One of the best overall Summicron lens. Even more then the Summilux version.
Compact, borderline perfect
|Reasons to buy||Cons|
|+Small and compact|
+ Great Goldilock focal length
+ Fast aperture
|– Blocks the viewfinder|
35mm is the Goldilocks focal length for many Leica photographers. Not as wide as a 28mm, not to telephoto either. It can do whatever you throw at it with ease from landscapes to portraits, especially with that f/2 aperture.
It’s also incredibly compact for such versatility, don’t be surprised if this one is stuck to your Leica camera for a while. If you had to chose just one lens for your Leica camera, it would probably be this one. The fast aperture is good from sunrise to sunset and that focal length is simply perfect for everything.
The full frame Leicas really make this a wonderful lens for Bokeh and out of focus backgrounds. Sharpness, micro contrast are the works here, and even if you have been shooting this lens for years, it still has room to surprise you how sharp and detailed it is.

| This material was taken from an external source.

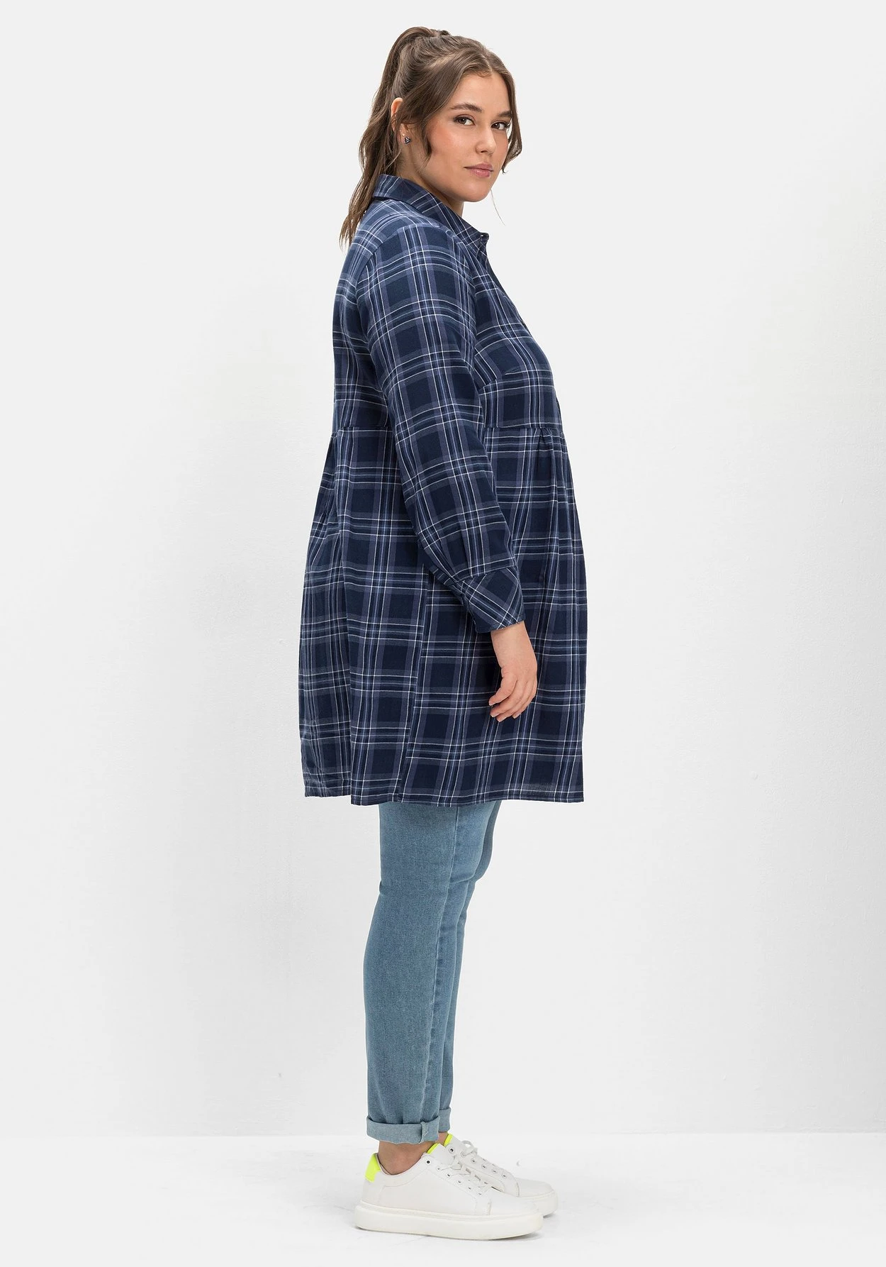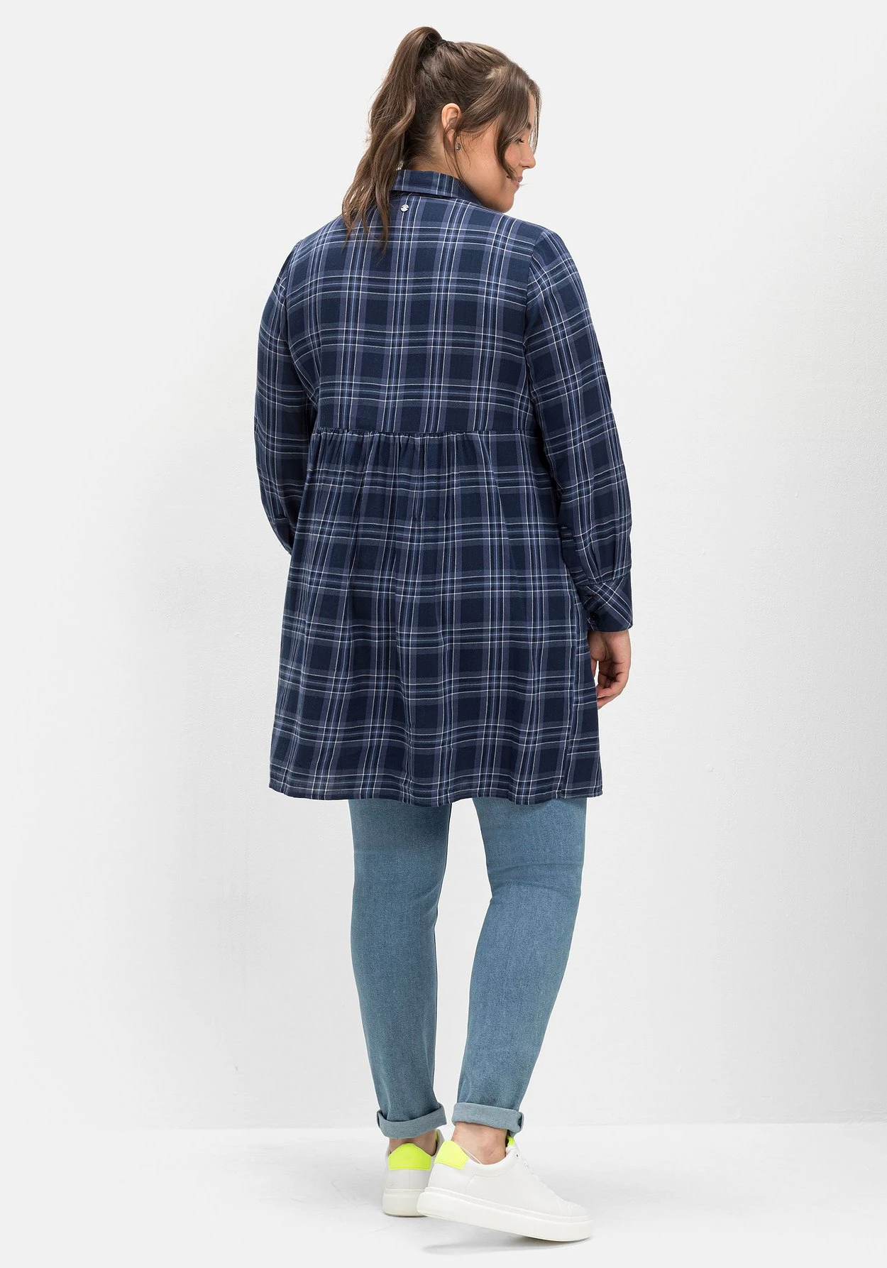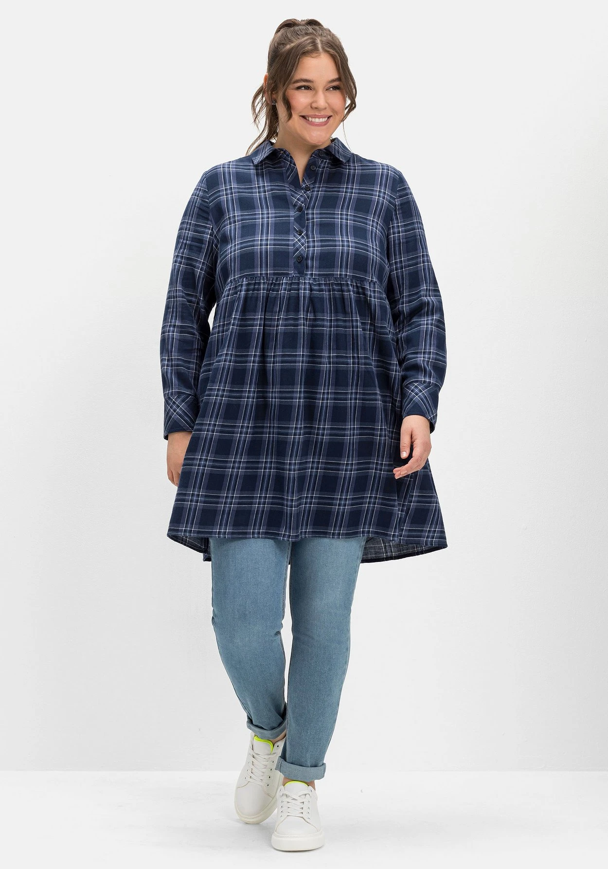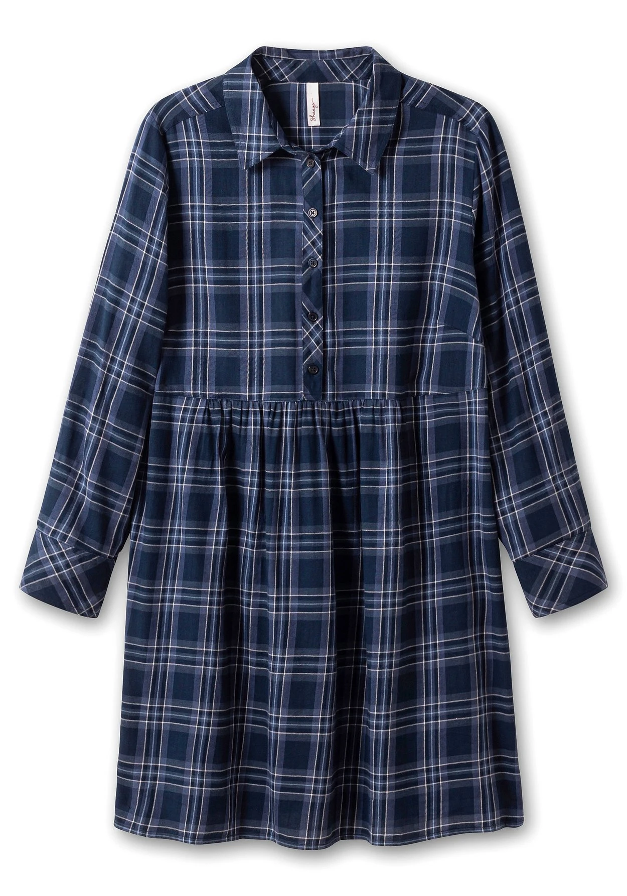 Kariertes Blusenkleid im Hängerchen-Look. Für eine verspielte Optik sorgt die angekräuselte Teilungsnaht auf Taillenhöhe, an die sich das weit schwingende Rockteil anschließt. Am Oberkörper zeigt sich das Kleid mit Hemdkragen, Knopfleiste sowie langen Ärmeln mit Knopfmanschetten im klassischen Blusenstil. Ein bequemes Lieblingsteil, das sich auch zu Jeans und Leggings prima kombinieren lässt.

What is the 35mm Summicron made of? All the details below:
|Order number||Black: 11673 Silver 11674|
|Angle of view (diagonal, horizontal, vertical)||63°/54°/38°|
|Number of lenses/groups:||7 / 5|
|Position of entrance pupil:||18.4mm|
|Focusing range||0.7m – infinity|
|Scales||Combined meter/feet increments|
|Smallest object field:||420 x 630 mm|
|Largest reproduction ratio:||1:17.4|
|Setting/Function||Manual / Click-stops / half stops|
|Lens hood||Separate, screw-on type, Supplied|
|Length||35.7/54.4mm (without / with lens hood)|
|Largest diameter||53 mm|
Here’s the schematics of the lens’ 35mm. There are no floating elements and the aspherical element is in the middle.
If you are looking for the MTF charts of the lens, these are below.
The image samples for the Summicron are below, from various scenarios.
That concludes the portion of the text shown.